## What this task involves:
Copy word for word the lines in the records below, starting at the line with "奥迪 A3 2024 迪拜租赁:银色轿车,4 座,紧凑型豪华车,动力强劲" and ending at the line with "12.23技术交易热门股票点". Skip the pictures.

## Supplied data:
BEGIN
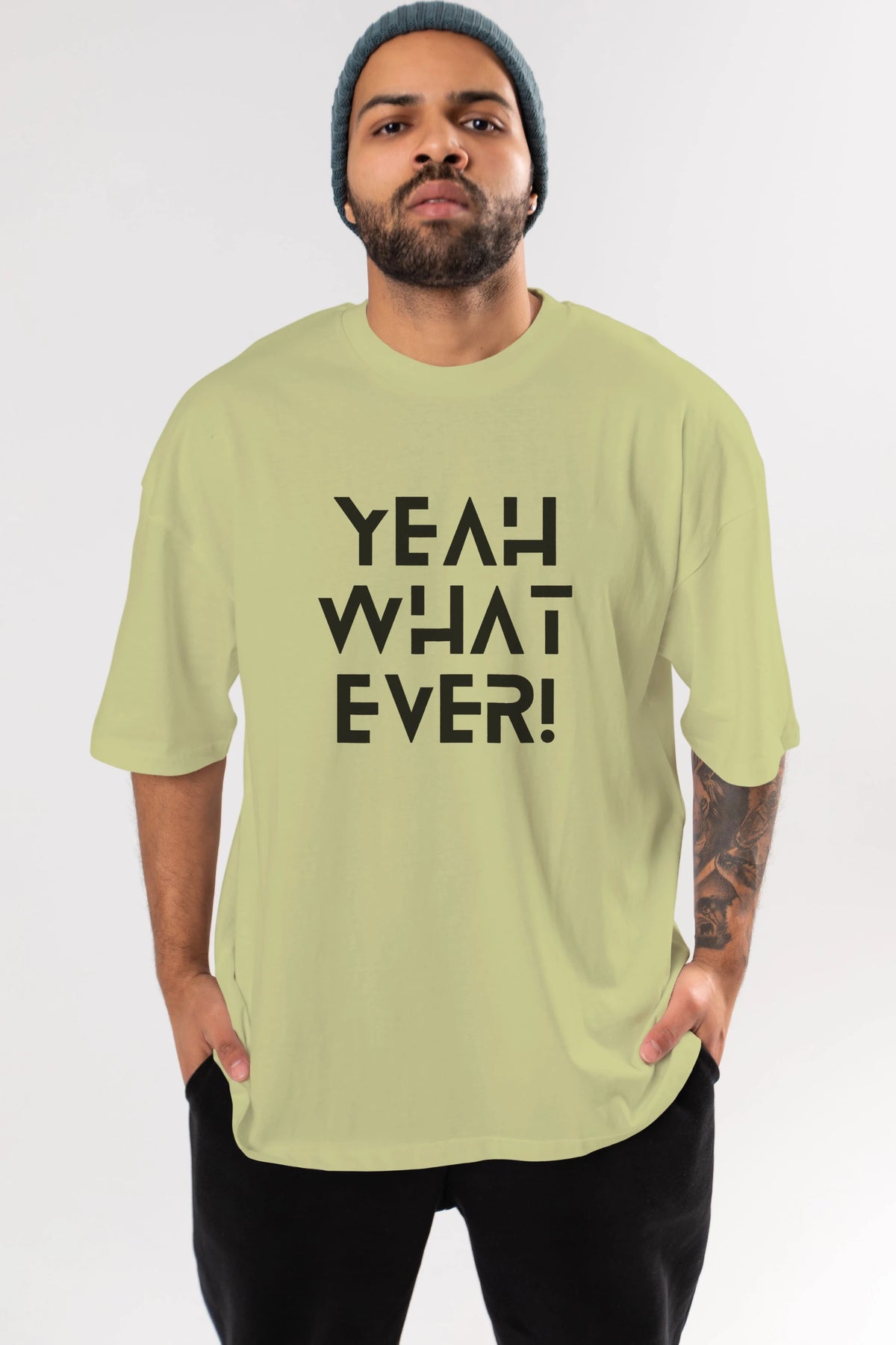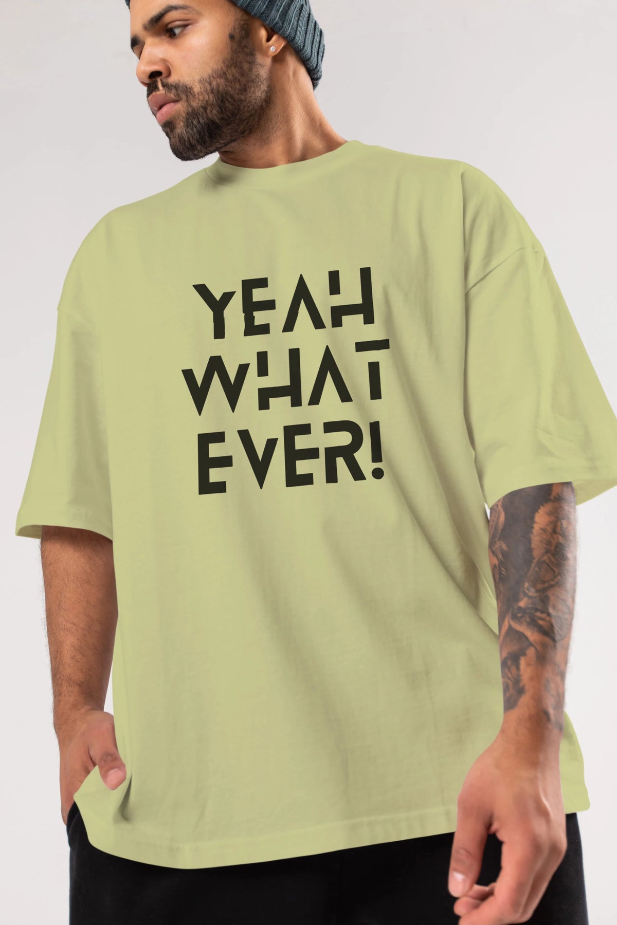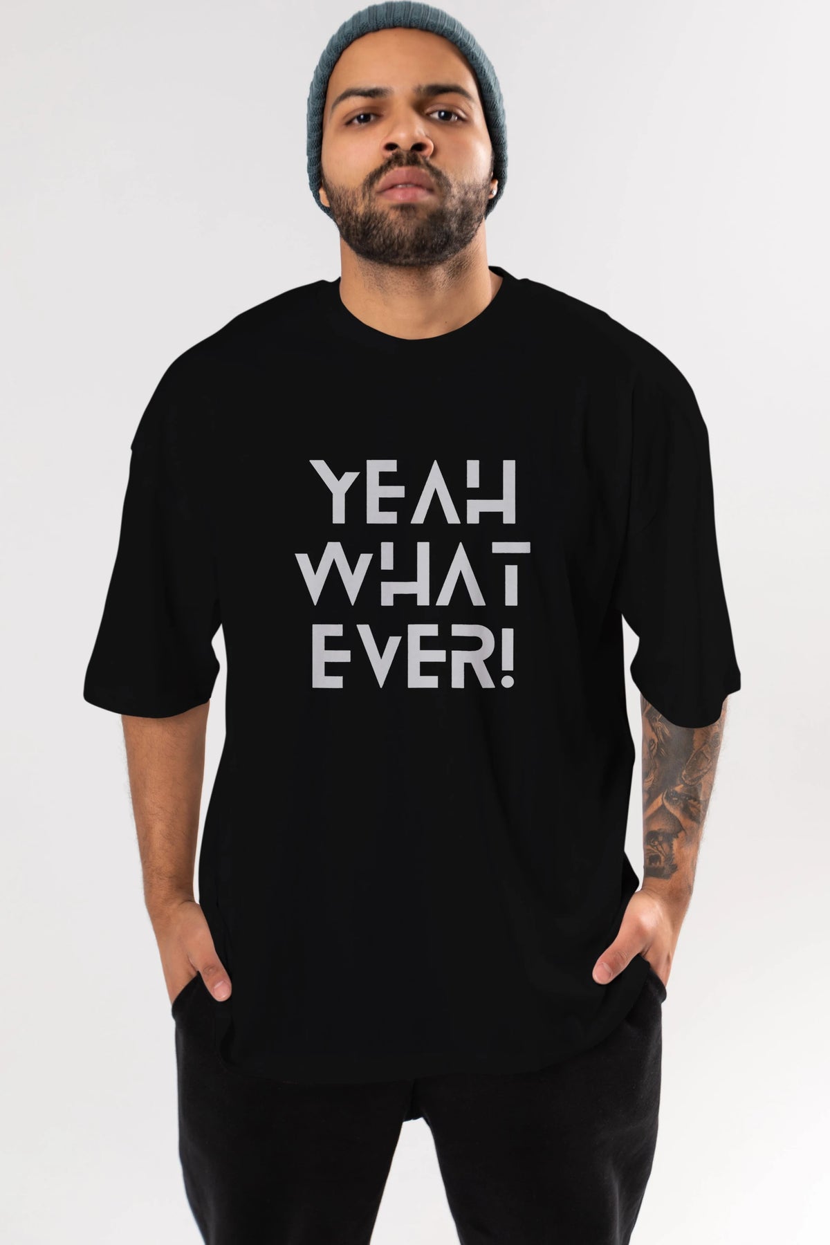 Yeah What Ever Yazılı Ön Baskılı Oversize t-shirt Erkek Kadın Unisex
END
BEGIN
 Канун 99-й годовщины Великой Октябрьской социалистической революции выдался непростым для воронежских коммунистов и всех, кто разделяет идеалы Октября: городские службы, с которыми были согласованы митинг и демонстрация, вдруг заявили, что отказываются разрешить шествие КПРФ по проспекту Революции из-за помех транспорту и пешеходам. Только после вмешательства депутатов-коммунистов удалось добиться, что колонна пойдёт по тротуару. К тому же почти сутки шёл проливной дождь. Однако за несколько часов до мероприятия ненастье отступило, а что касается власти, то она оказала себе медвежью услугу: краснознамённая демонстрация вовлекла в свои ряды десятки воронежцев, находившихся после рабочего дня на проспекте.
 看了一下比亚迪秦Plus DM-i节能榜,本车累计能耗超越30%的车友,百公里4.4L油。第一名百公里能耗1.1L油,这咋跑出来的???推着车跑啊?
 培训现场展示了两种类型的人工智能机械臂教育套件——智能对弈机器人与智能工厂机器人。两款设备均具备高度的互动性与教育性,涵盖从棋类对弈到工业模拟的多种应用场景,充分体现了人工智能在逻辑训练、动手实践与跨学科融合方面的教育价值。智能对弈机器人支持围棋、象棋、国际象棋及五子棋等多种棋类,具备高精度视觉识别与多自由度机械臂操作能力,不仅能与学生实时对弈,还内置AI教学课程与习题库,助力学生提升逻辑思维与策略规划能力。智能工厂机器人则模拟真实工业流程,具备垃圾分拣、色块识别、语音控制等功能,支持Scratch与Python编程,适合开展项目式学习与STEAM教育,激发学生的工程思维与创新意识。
END
BEGIN
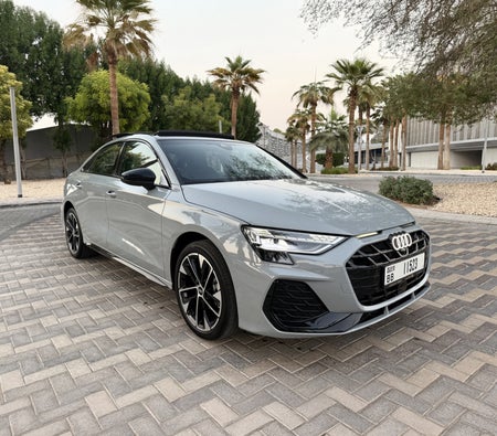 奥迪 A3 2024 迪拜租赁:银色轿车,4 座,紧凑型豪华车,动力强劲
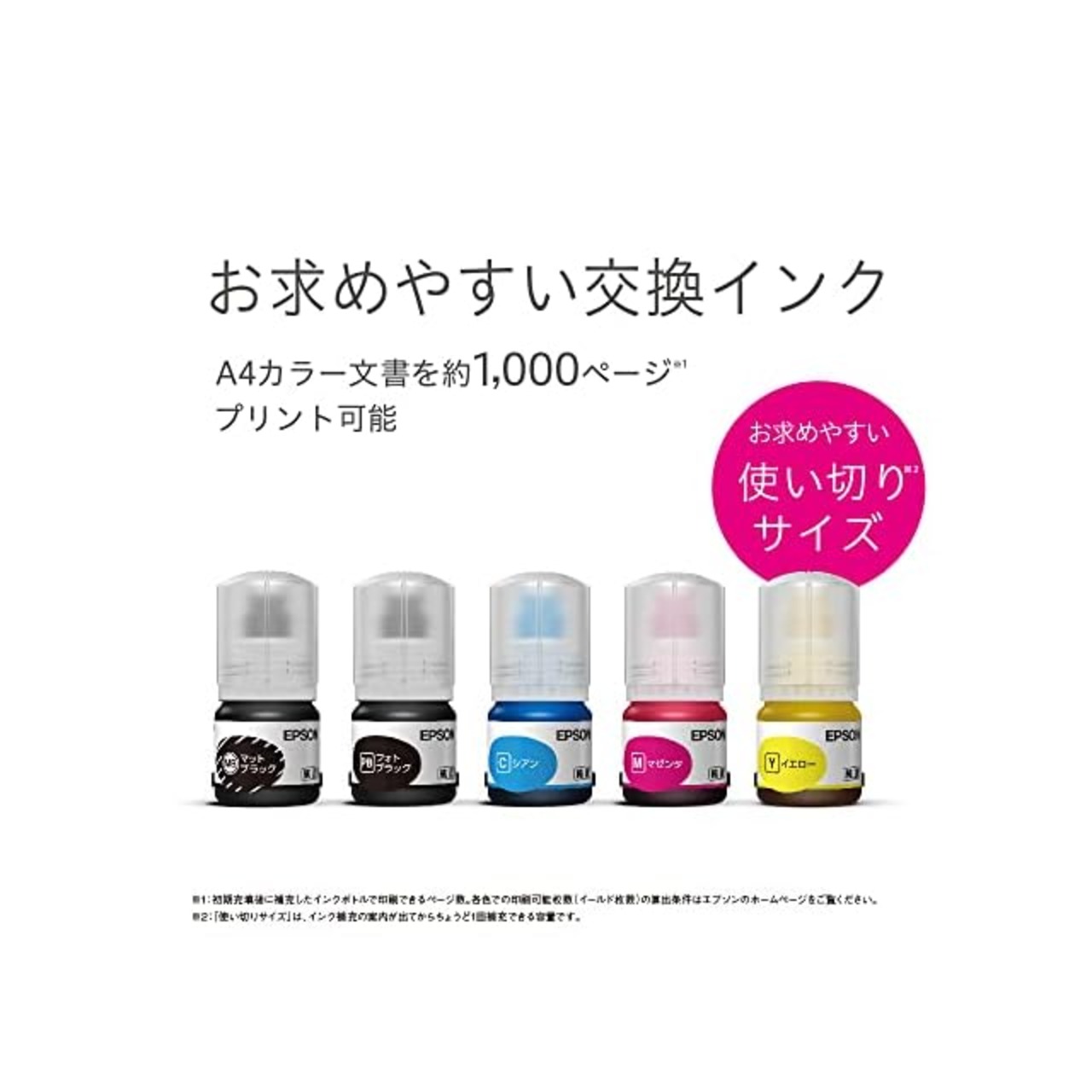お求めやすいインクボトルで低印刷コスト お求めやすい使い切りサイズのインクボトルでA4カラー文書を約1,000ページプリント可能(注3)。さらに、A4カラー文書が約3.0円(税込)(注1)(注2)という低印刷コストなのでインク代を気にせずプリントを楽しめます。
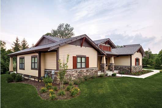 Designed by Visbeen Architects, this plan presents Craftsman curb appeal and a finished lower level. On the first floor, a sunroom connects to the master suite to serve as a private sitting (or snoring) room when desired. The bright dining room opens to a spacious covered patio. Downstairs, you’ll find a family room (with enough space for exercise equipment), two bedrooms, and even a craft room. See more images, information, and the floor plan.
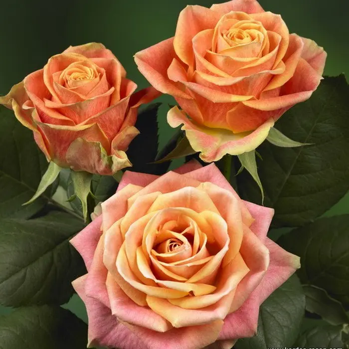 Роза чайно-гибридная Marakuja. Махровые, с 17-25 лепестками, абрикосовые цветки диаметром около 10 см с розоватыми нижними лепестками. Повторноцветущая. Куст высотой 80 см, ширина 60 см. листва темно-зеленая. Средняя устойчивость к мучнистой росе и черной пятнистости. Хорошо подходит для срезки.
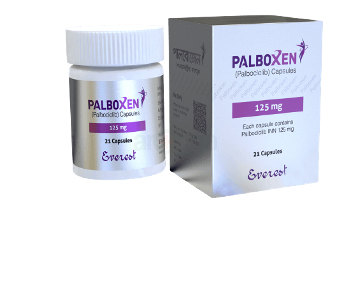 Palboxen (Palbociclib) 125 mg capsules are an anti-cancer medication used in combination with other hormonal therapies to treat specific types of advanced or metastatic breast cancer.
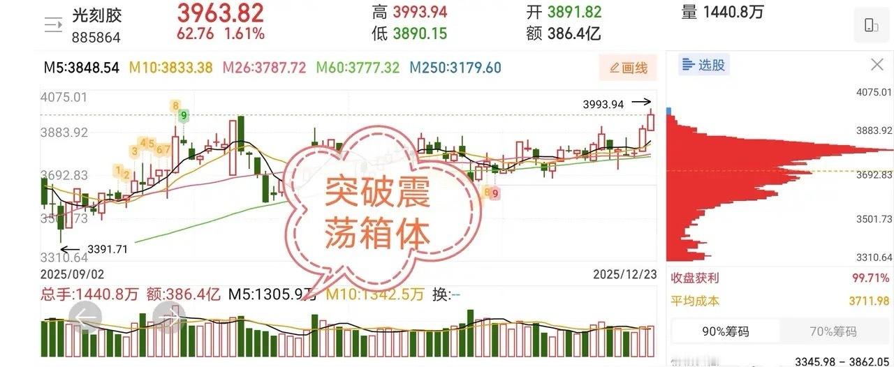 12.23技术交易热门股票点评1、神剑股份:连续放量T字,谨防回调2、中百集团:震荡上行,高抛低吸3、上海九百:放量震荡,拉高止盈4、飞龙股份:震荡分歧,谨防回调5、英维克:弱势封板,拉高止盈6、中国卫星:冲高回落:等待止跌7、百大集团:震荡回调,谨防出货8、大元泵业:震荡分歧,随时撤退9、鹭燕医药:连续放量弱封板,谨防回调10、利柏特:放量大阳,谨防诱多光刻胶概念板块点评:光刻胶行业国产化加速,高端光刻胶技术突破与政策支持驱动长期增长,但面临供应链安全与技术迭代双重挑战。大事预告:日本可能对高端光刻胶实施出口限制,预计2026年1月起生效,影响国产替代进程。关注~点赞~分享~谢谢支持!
END
## Worked solution:
 奥迪 A3 2024 迪拜租赁:银色轿车,4 座,紧凑型豪华车,动力强劲
お求めやすいインクボトルで低印刷コスト お求めやすい使い切りサイズのインクボトルでA4カラー文書を約1,000ページプリント可能(注3)。さらに、A4カラー文書が約3.0円(税込)(注1)(注2)という低印刷コストなのでインク代を気にせずプリントを楽しめます。
 Designed by Visbeen Architects, this plan presents Craftsman curb appeal and a finished lower level. On the first floor, a sunroom connects to the master suite to serve as a private sitting (or snoring) room when desired. The bright dining room opens to a spacious covered patio. Downstairs, you’ll find a family room (with enough space for exercise equipment), two bedrooms, and even a craft room. See more images, information, and the floor plan.
 Роза чайно-гибридная Marakuja. Махровые, с 17-25 лепестками, абрикосовые цветки диаметром около 10 см с розоватыми нижними лепестками. Повторноцветущая. Куст высотой 80 см, ширина 60 см. листва темно-зеленая. Средняя устойчивость к мучнистой росе и черной пятнистости. Хорошо подходит для срезки.
 Palboxen (Palbociclib) 125 mg capsules are an anti-cancer medication used in combination with other hormonal therapies to treat specific types of advanced or metastatic breast cancer.
 12.23技术交易热门股票点评1、神剑股份:连续放量T字,谨防回调2、中百集团:震荡上行,高抛低吸3、上海九百:放量震荡,拉高止盈4、飞龙股份:震荡分歧,谨防回调5、英维克:弱势封板,拉高止盈6、中国卫星:冲高回落:等待止跌7、百大集团:震荡回调,谨防出货8、大元泵业:震荡分歧,随时撤退9、鹭燕医药:连续放量弱封板,谨防回调10、利柏特:放量大阳,谨防诱多光刻胶概念板块点评:光刻胶行业国产化加速,高端光刻胶技术突破与政策支持驱动长期增长,但面临供应链安全与技术迭代双重挑战。大事预告:日本可能对高端光刻胶实施出口限制,预计2026年1月起生效,影响国产替代进程。关注~点赞~分享~谢谢支持!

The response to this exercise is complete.